Police and body guards managed to get the MP to his campaign bus before the mob could dump him in a bin. But a video shows him taking a nasty beating before he made his escape. He later said he received a concussion during the violence.

Mr Mindiuk later admitted the group had gone too far, and the incident prompted Arsen Avakov, the Interior Minister, issued a plea via his Facebook page for the radicals to desist.

“Just a couple more broken faces like Shufrich’s or lynchings like Pylypyshin, and Europe will turn away from our victorious revolution,” he said. “Don’t be marginal morons, follow stupid instincts and provoke crowds to mob justice,” he wrote.

That got short thrift from the radicals, however.

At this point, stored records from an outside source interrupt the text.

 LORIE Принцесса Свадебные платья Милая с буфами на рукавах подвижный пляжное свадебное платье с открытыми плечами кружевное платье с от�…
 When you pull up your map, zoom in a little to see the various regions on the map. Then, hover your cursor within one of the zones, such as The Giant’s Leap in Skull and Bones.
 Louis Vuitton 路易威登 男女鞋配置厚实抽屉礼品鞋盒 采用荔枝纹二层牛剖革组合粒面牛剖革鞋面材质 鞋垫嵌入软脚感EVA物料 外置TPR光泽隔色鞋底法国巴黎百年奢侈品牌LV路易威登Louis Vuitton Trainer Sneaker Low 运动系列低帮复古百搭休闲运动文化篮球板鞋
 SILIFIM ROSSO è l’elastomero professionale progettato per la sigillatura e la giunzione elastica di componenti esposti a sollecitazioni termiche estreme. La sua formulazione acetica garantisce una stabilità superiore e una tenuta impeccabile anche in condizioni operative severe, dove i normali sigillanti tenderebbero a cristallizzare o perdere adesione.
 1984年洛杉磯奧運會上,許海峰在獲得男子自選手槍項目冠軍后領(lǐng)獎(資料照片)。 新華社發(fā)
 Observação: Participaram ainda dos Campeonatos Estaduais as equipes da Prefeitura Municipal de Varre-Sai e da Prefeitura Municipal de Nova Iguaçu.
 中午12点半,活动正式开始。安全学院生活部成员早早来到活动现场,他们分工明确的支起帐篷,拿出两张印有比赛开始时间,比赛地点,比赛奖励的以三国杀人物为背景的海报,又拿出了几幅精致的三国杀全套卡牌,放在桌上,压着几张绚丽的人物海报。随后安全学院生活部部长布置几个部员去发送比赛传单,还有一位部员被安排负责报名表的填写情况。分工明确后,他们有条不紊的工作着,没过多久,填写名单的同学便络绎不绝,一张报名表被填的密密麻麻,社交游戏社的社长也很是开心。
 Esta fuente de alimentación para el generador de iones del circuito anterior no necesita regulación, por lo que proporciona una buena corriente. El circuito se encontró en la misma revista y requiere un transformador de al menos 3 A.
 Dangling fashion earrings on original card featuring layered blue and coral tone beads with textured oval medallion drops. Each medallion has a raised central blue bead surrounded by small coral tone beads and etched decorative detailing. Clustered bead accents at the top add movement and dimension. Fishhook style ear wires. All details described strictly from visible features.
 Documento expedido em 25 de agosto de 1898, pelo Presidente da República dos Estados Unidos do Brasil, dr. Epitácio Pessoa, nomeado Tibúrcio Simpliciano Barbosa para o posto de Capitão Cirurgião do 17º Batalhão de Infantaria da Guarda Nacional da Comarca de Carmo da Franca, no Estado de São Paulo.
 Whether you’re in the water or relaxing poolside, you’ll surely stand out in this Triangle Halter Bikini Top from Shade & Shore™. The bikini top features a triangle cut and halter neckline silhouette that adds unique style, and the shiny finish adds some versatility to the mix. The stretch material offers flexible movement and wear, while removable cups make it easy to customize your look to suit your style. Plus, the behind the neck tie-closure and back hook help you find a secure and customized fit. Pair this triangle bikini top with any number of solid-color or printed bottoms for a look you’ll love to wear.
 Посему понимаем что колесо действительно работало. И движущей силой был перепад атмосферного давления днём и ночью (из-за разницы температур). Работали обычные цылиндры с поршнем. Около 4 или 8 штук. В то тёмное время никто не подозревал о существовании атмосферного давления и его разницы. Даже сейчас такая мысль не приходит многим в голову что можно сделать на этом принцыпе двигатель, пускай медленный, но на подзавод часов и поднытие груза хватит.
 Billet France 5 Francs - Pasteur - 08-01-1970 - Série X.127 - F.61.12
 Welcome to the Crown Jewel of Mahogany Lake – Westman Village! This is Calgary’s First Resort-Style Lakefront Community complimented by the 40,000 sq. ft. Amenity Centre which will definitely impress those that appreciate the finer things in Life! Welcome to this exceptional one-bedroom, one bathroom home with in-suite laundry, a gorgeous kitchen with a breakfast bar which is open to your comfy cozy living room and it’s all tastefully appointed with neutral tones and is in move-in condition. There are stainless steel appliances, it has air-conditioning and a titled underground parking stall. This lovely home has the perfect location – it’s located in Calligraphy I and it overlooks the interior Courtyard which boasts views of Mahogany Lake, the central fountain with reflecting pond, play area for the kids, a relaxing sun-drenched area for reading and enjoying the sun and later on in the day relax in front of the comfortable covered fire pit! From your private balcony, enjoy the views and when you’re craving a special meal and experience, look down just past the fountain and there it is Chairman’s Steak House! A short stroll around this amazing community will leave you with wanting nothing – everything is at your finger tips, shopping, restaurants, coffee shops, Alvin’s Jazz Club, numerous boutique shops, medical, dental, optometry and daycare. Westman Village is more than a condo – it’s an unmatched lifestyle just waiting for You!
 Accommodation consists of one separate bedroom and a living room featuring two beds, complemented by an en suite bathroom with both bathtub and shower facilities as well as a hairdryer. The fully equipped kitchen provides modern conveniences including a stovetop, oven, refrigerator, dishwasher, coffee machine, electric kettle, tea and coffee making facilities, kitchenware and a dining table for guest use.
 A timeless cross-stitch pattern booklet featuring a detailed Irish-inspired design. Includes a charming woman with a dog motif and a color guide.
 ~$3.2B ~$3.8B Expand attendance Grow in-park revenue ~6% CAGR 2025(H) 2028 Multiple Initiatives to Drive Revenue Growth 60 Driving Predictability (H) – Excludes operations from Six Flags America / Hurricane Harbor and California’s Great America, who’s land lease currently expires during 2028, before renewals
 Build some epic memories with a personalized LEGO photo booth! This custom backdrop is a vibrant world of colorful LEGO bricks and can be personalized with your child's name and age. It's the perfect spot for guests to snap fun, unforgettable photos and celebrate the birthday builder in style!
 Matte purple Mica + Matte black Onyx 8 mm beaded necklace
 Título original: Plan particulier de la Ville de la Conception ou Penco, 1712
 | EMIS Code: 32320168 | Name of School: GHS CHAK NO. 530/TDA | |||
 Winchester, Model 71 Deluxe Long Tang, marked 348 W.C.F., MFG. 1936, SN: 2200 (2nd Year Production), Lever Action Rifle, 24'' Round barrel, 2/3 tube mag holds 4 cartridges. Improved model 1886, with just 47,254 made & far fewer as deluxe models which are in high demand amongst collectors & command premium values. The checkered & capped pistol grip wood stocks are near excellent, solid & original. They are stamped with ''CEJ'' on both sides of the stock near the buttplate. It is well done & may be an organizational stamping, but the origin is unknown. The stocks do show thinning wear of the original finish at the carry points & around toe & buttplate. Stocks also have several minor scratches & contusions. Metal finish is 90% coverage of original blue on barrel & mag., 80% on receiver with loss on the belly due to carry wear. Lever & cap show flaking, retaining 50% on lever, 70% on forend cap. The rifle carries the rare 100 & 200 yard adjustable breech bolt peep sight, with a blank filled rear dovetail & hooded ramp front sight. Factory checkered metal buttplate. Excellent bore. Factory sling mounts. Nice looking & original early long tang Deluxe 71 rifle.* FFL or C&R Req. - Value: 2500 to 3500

“Avakov is the Moron,” Mr Lyashko wrote in his reply, “for not understanding that people act in such a radical way because there is no law.”

“Today we’ll lustrate the Party of the Regions through the trash, and tomorrow we’ll throw Avakov on the landfill.”

Both Right Sector and Mr Lyashko revel in their respective reputations for direct action - and, indeed, violence. But public backing for their tactics appears to be lukewarm.

Although polling puts Mr Lyashko’s Radical party in second place at the up coming parliamentary elections on October 26, it is set to take little more than 10 percent of the vote.


Right Sector’s leader Dmytro Yarosh took less than 1 percent of the vote at the presidential election in June, and the group does not look likely to make gains.